No faltan quienes se han extrañado ante el fenómeno, aparentemente insólito, de que una filosofía importada y por añadidura alemana, consiguiese en España tan inusitado éxito y lograse penetrar tan hondo en la vida española. Quienes han experimentado semejante extrañeza, no han debido meditar mucho acerca de dicho fenómeno. Este no se explica solamente y mucho menos totalmente, como una reacción del partido progresista contra la filosofía oficial del partido moderado. El krausismo es, ante todo, una filosofía mística, con una moral estoica. Y ambas cosas tienen una espléndida tradición española. Por eso, con razón, cuando Sanz del Río llega a Heidelberg y se familiariza con la doctrina krausista, puede escribir a don José de la Revilla su «íntima y definitiva convicción de la verdad de esta doctrina... que yo la encuentro en mi». La inspiración de Krause fue, en realidad, un excitante. El fondo, la substancia del krausismo, estaba en España. El krausismo se enlaza con nuestro misticismo y despierta la tradición universalista y humanitaria de nuestro senequismo y el internacionalismo jurídico de nuestros teólogos del siglo XVI.
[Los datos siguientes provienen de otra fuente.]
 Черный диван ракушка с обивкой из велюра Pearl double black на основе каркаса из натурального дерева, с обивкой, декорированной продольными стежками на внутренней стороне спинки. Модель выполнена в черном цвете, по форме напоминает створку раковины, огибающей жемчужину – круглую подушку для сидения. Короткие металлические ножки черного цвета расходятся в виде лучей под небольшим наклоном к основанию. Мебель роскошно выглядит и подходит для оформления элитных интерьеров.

Giner de los Ríos nos dirá que «Sanz del Río aspiraba a enseñar, no una filosofía; no a propagar una doctrina hecha y conclusa, articulada y cerrada, literal, primera condición de la llamada escuela filosófica –son sus palabras mismas– sino a indagar libremente la verdad». Y el Sr. Cossío lo confirmará al decir que «el krausismo nos enseña a filosofar en vez de enseñarnos una filosofía». Las circunstancias del momento histórico en que aparece el krausismo, favorecieron indudablemente su eclosión. Aquella Iglesia fanática, intolerante, descristianizada y militante, tenía que provocar una reacción; aquella sociedad española desmedulada, apática, ajena a la evolución de los tiempos, necesitaba un revulsivo; aquel Estado en manos de camarillas degeneradas que hacían de la corrupción y de la violencia métodos de gobierno, pedía a voz en grito una reforma; aquella enseñanza anquilosada, dominada por el Concordato, exigía una transformación profunda.
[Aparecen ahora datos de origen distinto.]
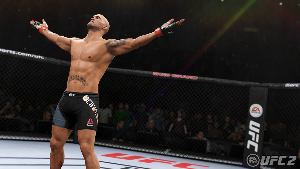 Come in ogni titolo sportivo che si rispetti un ruolo fondamentale viene dato alla modalità carriera, che in UFC 2 resta tuttavia abbastanza piatta e e non riesce a dare il senso di scalata da esordiente a campione UFC. Una volta iniziata la carriera dovremo creare il nostro alter ego, scegliendone nome, nazionalità, fisico, stile di combattimento e anche il vestiario. Verremo quindi subito catapultati all’interno dell’Ottagono, in un combattimento iniziale, che una volta concluso ci permetterà di scegliere a quale squadra unirci. Assegnati a una squadra dovremo affrontare un torneo a eliminazione diretta, che una volta vinto ci darà l’accesso ai professionisti in cui iniziare la scalata verso il titolo UFC, in una lunga serie di combattimenti con gli altri contendenti. Ogni incontro viene intervallato dagli allenamenti in palestra che ci insegneranno le basi del combattimento, divisi fra attacchi diretti, prese in clinch e attacchi a terra che una volta completati aumenteranno determinate statistiche. Alla lunga gli allenamenti risultano noiosi e ripetitivi, ma in questo ci viene in aiuto la possibilità di simularli, riprendendo il punteggio più alto ottenuto e aumentando quindi in automatico le statistiche. Le varie battaglie sull’Ottagono inoltre ci daranno i punti esperienza che ci serviranno ad aumentare determinate perk che vengono a loro volta divise in fisico, lotta a terra e attacchi diretti, utili per apprendere nuove mosse e potenziare il nostro lottatore. Il sistema di crescita del personaggio è sicuramente studiato bene, quello che manca alla modalità carriera tuttavia è una storia, la creazione di rivalità, le conferenze stampa e la cerimonia del peso, tutto quello che fa da contorno alle sfide in UFC.
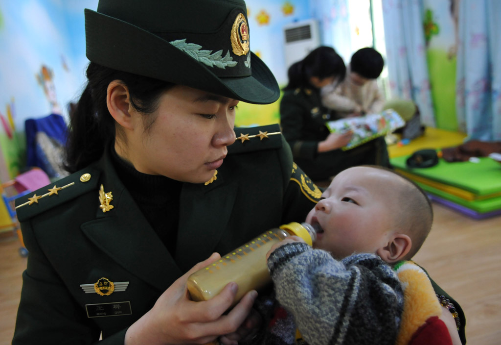 3月7日,臺州邊防支隊女警官們帶著食品、玩具等,來到駐地福利院看望孤兒,給他們送去溫暖和關懷。
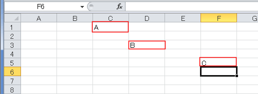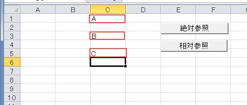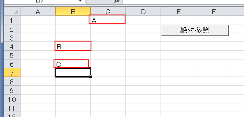 | Sub 絶対参照2() ' ' 絶対参照 Macro ' ' Range("B2").Value = "A" Range("B4").Value = "B" Range("B6").Value = "C" Range("B7").Select End Sub |

Remedios a tantos males y soluciones a tantos problemas estaban prefigurados en ese vasto movimiento krausista. Sus discípulos se encargarán de demostrarlo, que no en balde, desde Heidelberg, Sanz del Río, en su carta de 30 de mayo 1844, adelanta «que se trata, sobre todo, de ideas que son esencialmente prácticas y aplicables a la vida individual y pública». La vida individual y pública española ha tenido ocasión de confirmarlo por propia y fecunda experiencia.